BRIEF: Take the listing below and write it out again exactly, skipping any picture that it holds.

DATA SECTION:
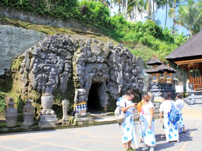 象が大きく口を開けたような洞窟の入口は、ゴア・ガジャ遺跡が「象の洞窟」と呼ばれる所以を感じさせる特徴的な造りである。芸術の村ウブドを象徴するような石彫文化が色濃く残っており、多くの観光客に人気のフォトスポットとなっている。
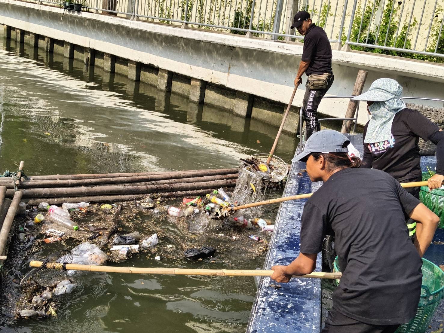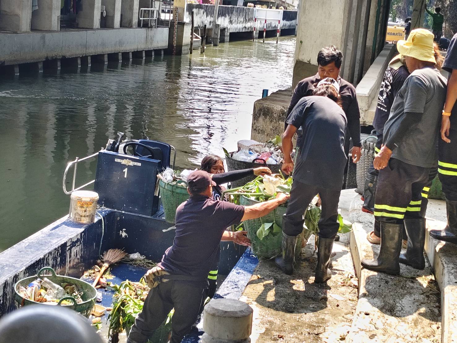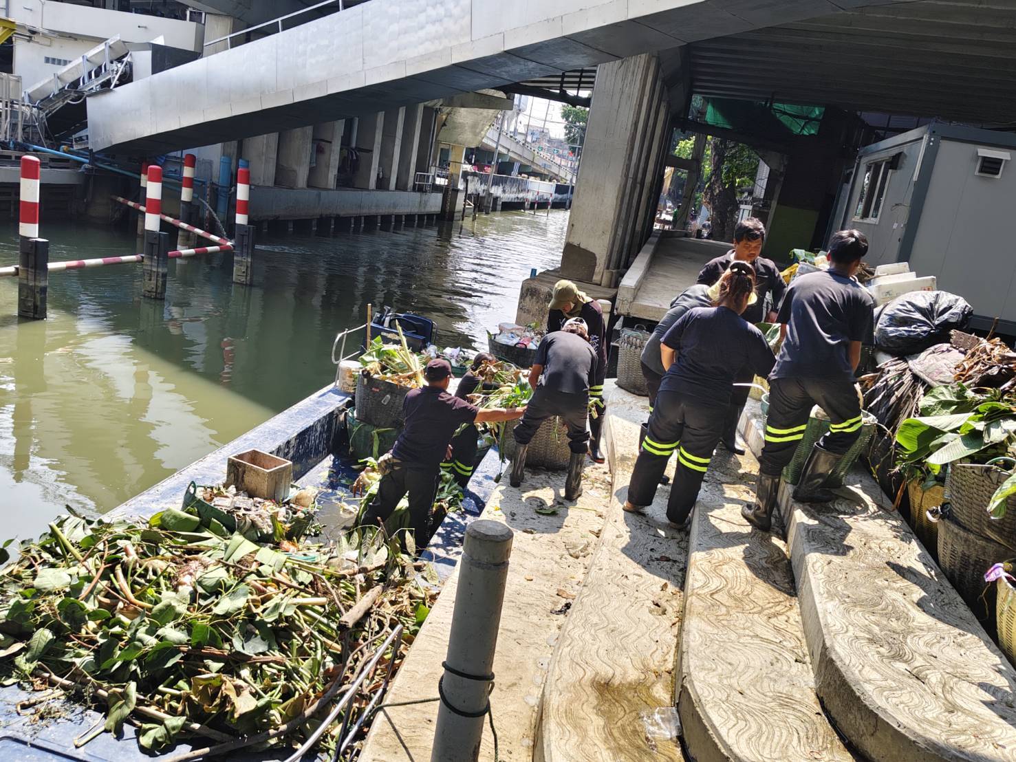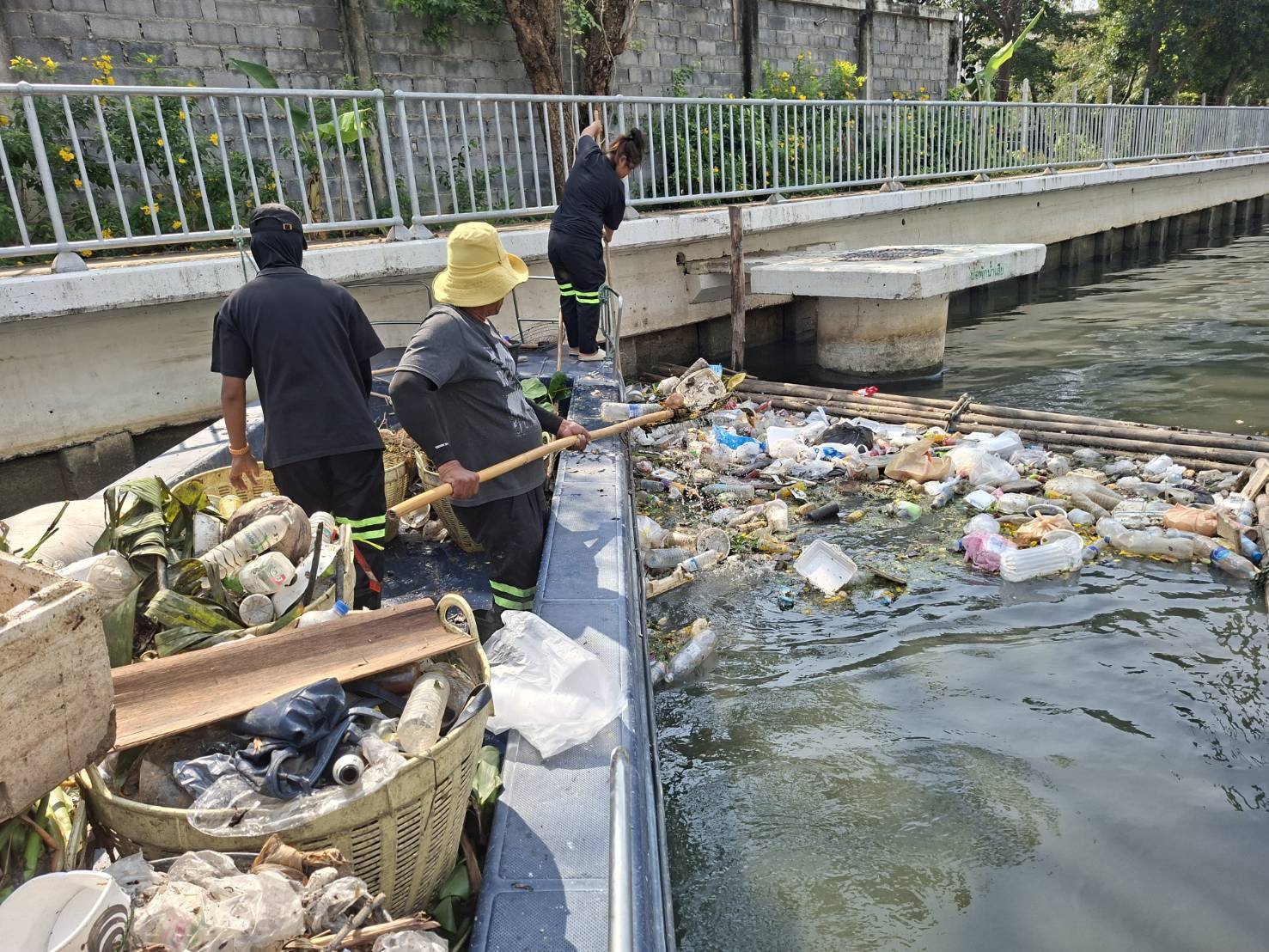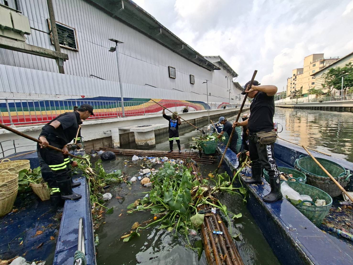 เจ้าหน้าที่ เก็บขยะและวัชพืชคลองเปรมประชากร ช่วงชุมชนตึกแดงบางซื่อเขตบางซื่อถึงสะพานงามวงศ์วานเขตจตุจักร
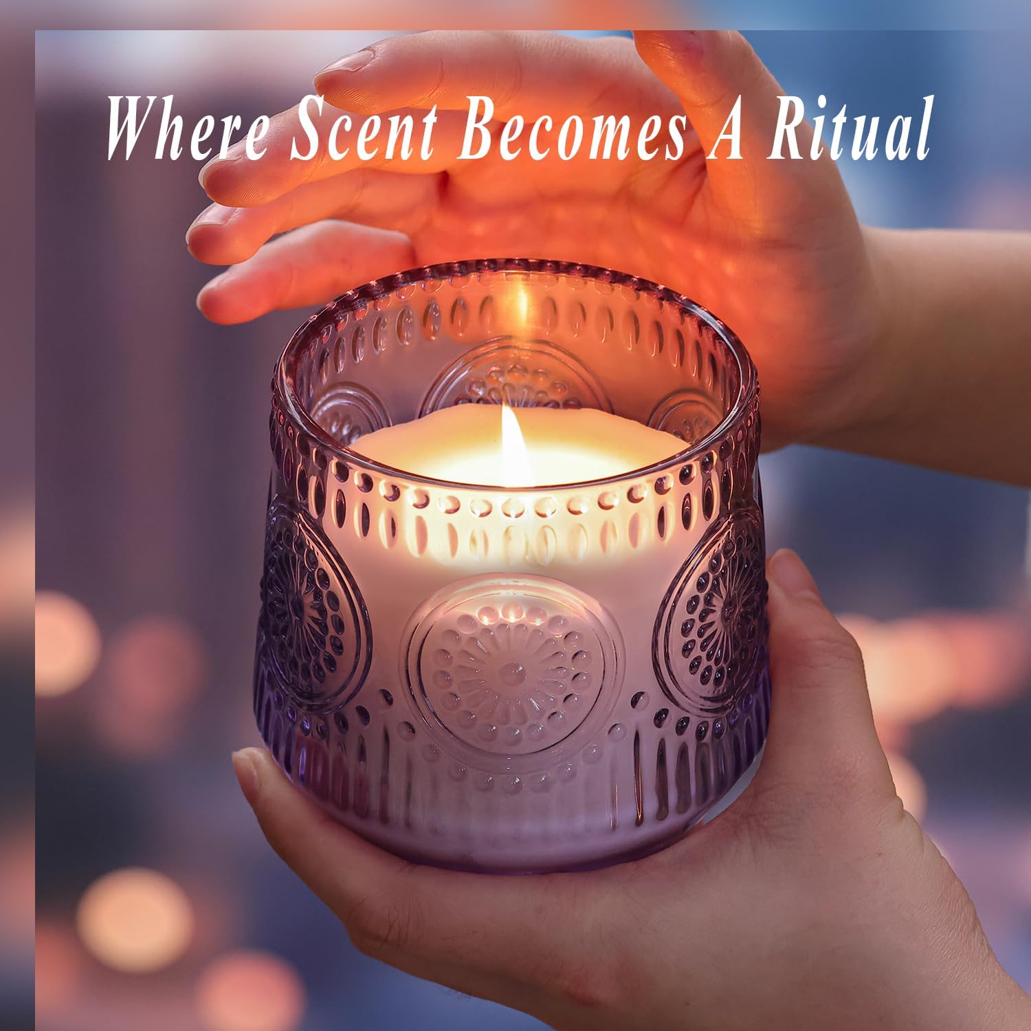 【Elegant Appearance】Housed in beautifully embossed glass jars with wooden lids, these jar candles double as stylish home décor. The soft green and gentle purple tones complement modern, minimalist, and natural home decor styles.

ANSWER BOX:
 象が大きく口を開けたような洞窟の入口は、ゴア・ガジャ遺跡が「象の洞窟」と呼ばれる所以を感じさせる特徴的な造りである。芸術の村ウブドを象徴するような石彫文化が色濃く残っており、多くの観光客に人気のフォトスポットとなっている。
 เจ้าหน้าที่ เก็บขยะและวัชพืชคลองเปรมประชากร ช่วงชุมชนตึกแดงบางซื่อเขตบางซื่อถึงสะพานงามวงศ์วานเขตจตุจักร
 【Elegant Appearance】Housed in beautifully embossed glass jars with wooden lids, these jar candles double as stylish home décor. The soft green and gentle purple tones complement modern, minimalist, and natural home decor styles.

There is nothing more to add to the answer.